My internship working on single cell RNA data and creating networks to find genes that are expressed differently in e.g. healthy and diseased cells.
Create a workflow to go from scRNA data to gene interaction networks that represent the interactions that are highly different in e.g. healthy and diseased cells (two different trajectories as a result of pseudotime analysis). After that verify the results by computing the correlation between the gene expression. Perfom a test for permutation p-value.
For this project I used different datasets from scanpy (https://scanpy.readthedocs.io/en/latest/index.html).
Basic preprocessing of the sc-RNA data. Visualized the data and doing pseudotime analysis. Marked the two different trajectories and sorted the cells either to trajectory A or trajectory B. To try to understand what happens along those trajectories they are splitted into windows so that a cell belongs to one trajectory and one window. Then infer the adjacencies of the genes to each other for each window and create regulons that represent the interactions. Therefore grnboost from pyScenic (https://pyscenic.readthedocs.io/en/latest/) is used. Most of the steps here are taken from the scanpy tutorial "Preprocessing and clustering 3k PBMCs" (https://scanpy-tutorials.readthedocs.io/en/latest/pbmc3k.html).

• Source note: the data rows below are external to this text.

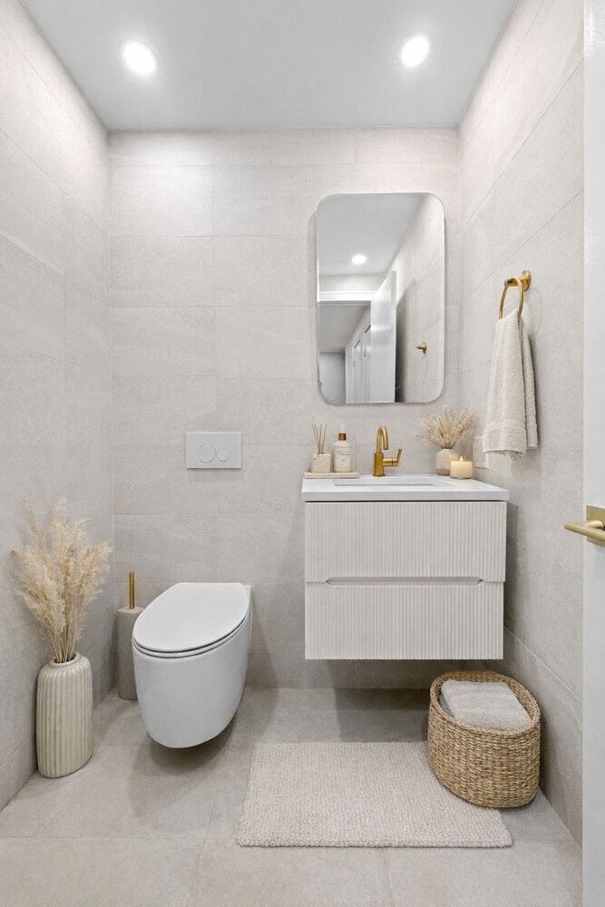 Townhouse B is a spacious two-bedroom, two & 1/2-bathroom duplex with an exceptional 1,426 square feet of interior and 475 square feet of outdoor space. The upper level provides a clear separation between living and private areas, creating a comfortable and well-balanced layout. The versatile lower level can be configured for a guest suite, home office, or media lounge. It includes a dedicated powder room and laundry closet with in-unit washer and dryer. Architectural windows utilize the building lightwell for natural light.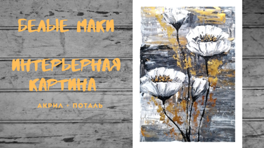 БЕЛЫЕ МАКИ акрилом. Как нарисовать цветы. Интерьерная картина с поталью.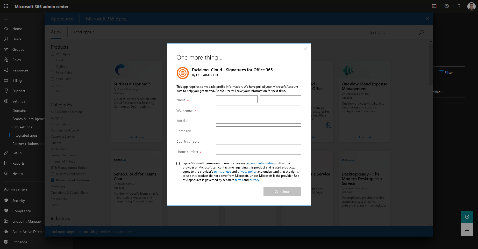 As customary for each new release, the experience has some rough edges, such as being unable to populate your details once you select a given app. Unlike the standalone AppSource portal, which happily recognizes my Office 365 profile and fills in all the relevant data automatically, the Microsoft 365 Admin Center experience results in a blank dialog, as shown below:
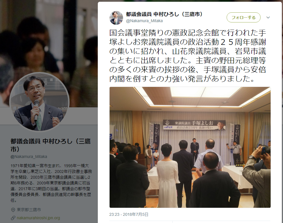 7月5日の夜、自民党の懇親会と同時期に立憲民主党はパーティーを行っていた。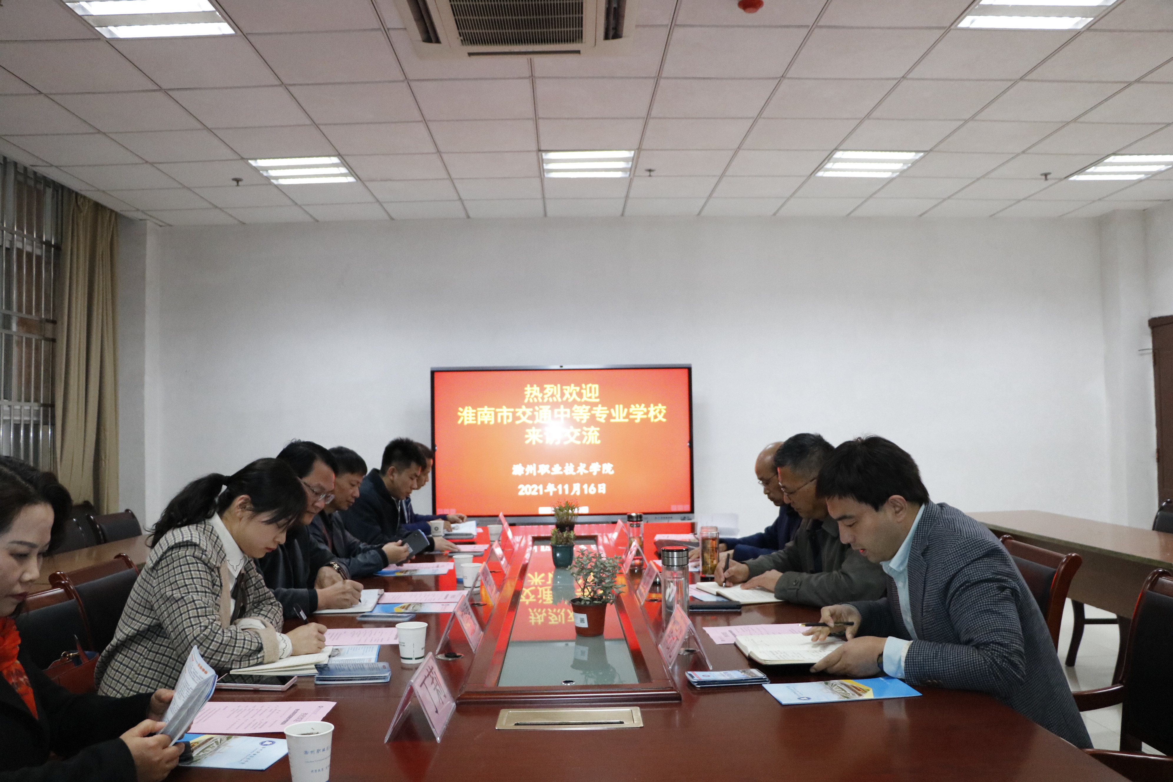11月17日上午,淮南市交通中等专业学校书记、校长程礼一行来awc官网考察交流。校党委委员、校长助理、招生就业处处长穆松热情接待了程礼一行,继续教育学院院长李永泉,招生就业处副处长徐云龙,以及招生就业处相关人员参加了座谈会。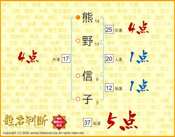 熊野信子さんの総運は37画の5点!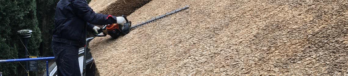 При подобающем уходе за камышовой кровлей и строгом её обустройстве ремонт, как правило, не понадобится долгое время. Возможно, лишь устранение текущих неполадок на небольшом участке из-за использования некачественного, или подготовленного с нарушениями сырья. Это выясняется при визуальном периодическом осмотре. Прогнившие стебли меняют на всю глубину вплоть до основания, иначе велика вероятность распространения бактерий вглубь и вширь и толку тогда от поверхностного ремонта будет мало.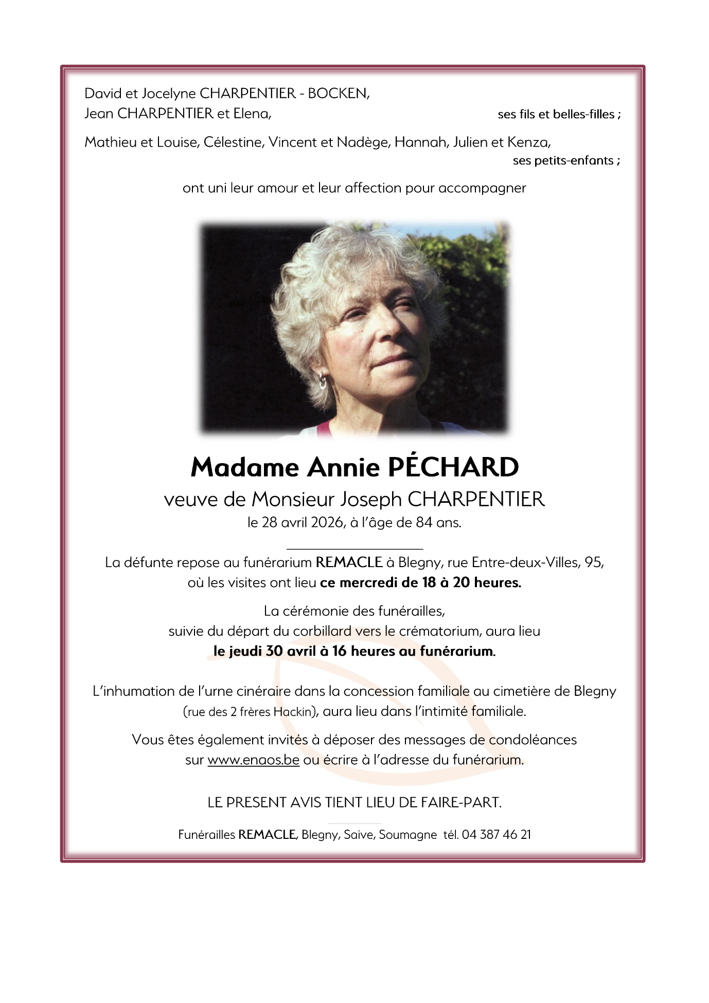 Funérailles REMACLE de Blegny le jeudi 30 avril à 16 heures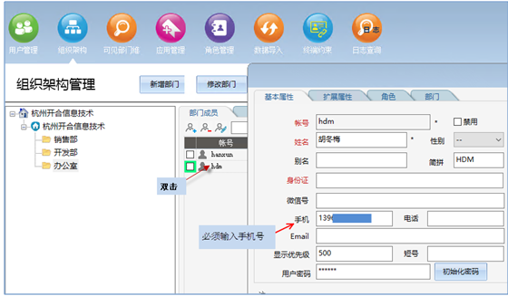人員維護的時候,需要給賬號設(shè)置其手機號碼,該手機號碼與企業(yè)微信里面設(shè)置的手機號碼要求一樣。這個設(shè)置是為了解決Gungho系統(tǒng)與企業(yè)微信的單點需求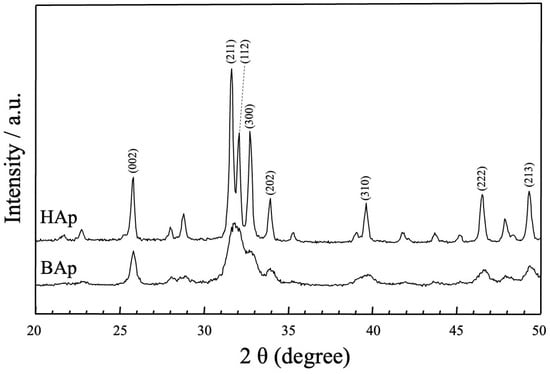 The XRD patterns of the apatite derived from BAp and HAp are shown in Figure 4. The phase compositions of BAp and HAp were characterized using X-ray diffraction. For HAp, sharp peaks of apatite could be observed at approximately 25.80°, 31.76°, 32.26°, 32.83°, 34.00°, 39.80°, 46.70°, and 49.50° for 2θ corresponding to (002), (211), (112), (300), (202), (310), (222), and (213) planes of hydroxyapatite. In BAp, broad apatite peaks were observed at the same positions as those in the diffraction peaks of HAp, at approximately 2θ = 26 and 32–33°. Thus, BAp was identified as less crystalline than HAp owing to its lower peak intensity.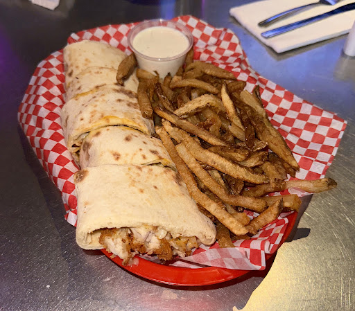 Our experience REALLY went wrong with our food. It took a solid 30 minutes to get a burger and a buffalo chicken sandwich, and when the sandwich came, it was cold and it was wrong. The fries and onion rings were ice cold and my burger was absolutely NOT half a pound of beef. My wife had asked our server if the sandwich came with cheese or lettuce or mayo like the burgers, and he wasn't sure, so she asked him for everything on the side.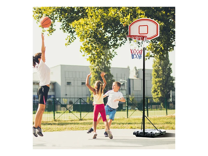 Panier de basket extérieur réglable et portable, métal, noir et blanc, avec roues et base remplissable (75.5x71x250 cm)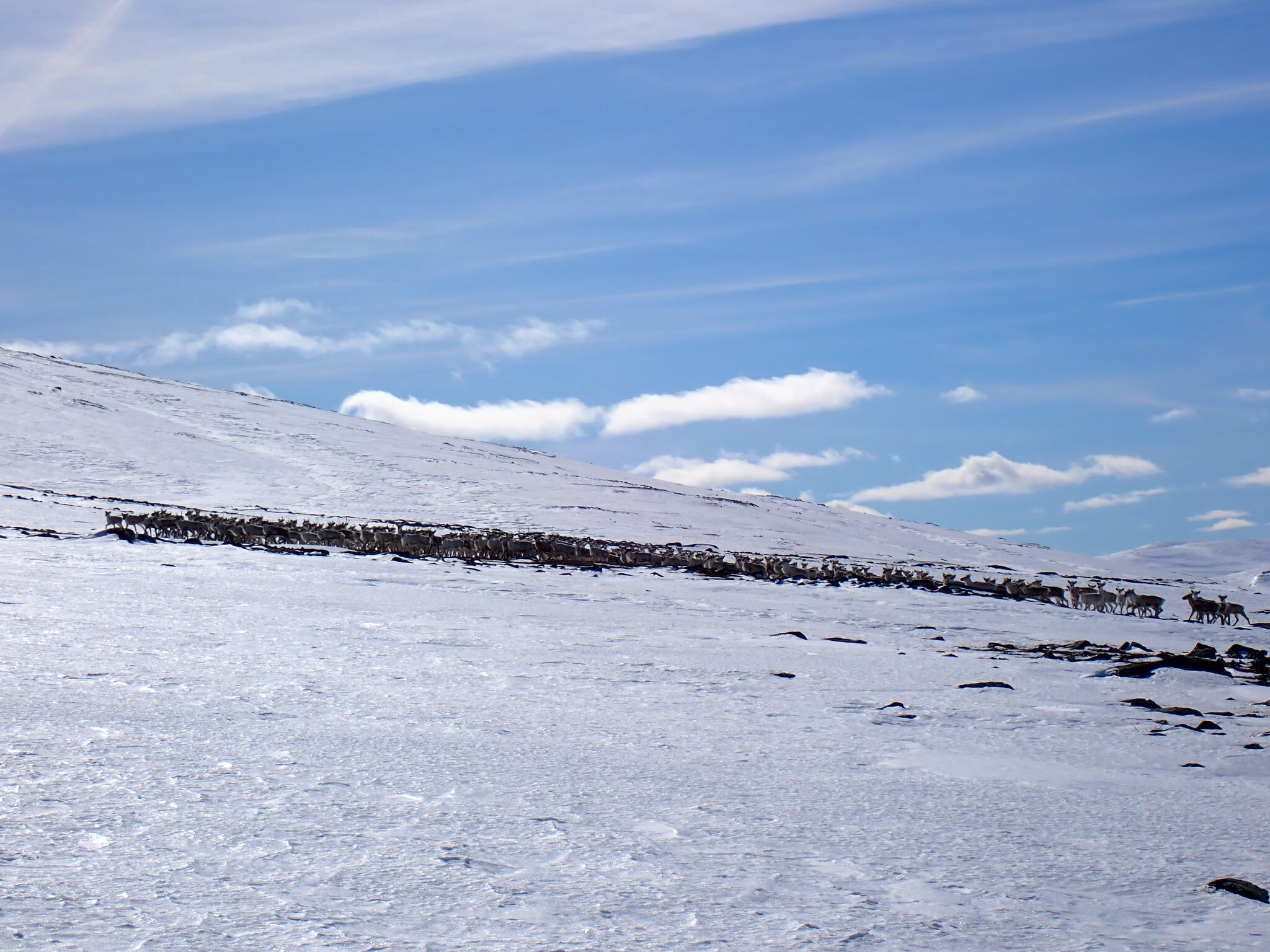 Nu skulle vi ner i Musvoldalen igen och siktade på ett ställe där det såg ut att korsa dalen. På väg ner i dalen såg vi en stor flock vildrenar. Häftigt! Vi stog stilla och lät dem passera.

From the weights of each transcription factor gene interaction the absolute value of the difference between trajectory A and trajectory B is taken. So if a tf-gene interaction has a high difference between A and B this results in an high absolute value. Those values are stored in a matrix for each window.
This script takes the matrices with the absolute values and creates a network for each window where the tf-gene interactions with the highes values are shown. So these networks show those interactions that vary the most between the two trajectories.
Here all the window networks are combined so that it results in one large network where the interactions with the largest differences between the two trajectories for each window are combined. Some of the genes are significant in more than one window.
Compute the correlation between two vectors of the expression matrix and compute the absolute value between them. Then do this for each pair in a window and after that for each pair in each window. To make sure to use a useful correlation method I tested two different methods to decide which one to use in the end. I decided to go with pearsons correlation coefficient.
After that I tried to evaluate significance of correlation results with permutation test for p-value. Therefore the expression matrices were randomized and the correlation is for each tf-gene pair computed. Then it can be evaluated how significant the computed correlation the real expression of tf and gene is. For example if the correlation is very high for the real expression the random matrices would not reach a similar correlation value so no value is higher as the real correlation which means it is significant.
I had and still have a lot of problems with efficiency because computing the correlation for each tf-gene pair for a lot of randomized matrices takes a lot. With multiprocessing the needed time got less but still it is not satisfying.
I learned a lot especially how to deal with single cell RNA data but also get to know a lot tools during this internship. There is much to improve on this project especially with the confimation of correctness of my workflow and the speed for the correlation computation. Still I had fun trying out different methods and experimenting with various packages and tools. Thanks to my supervisor for helping me through this and being so kind and patient with me!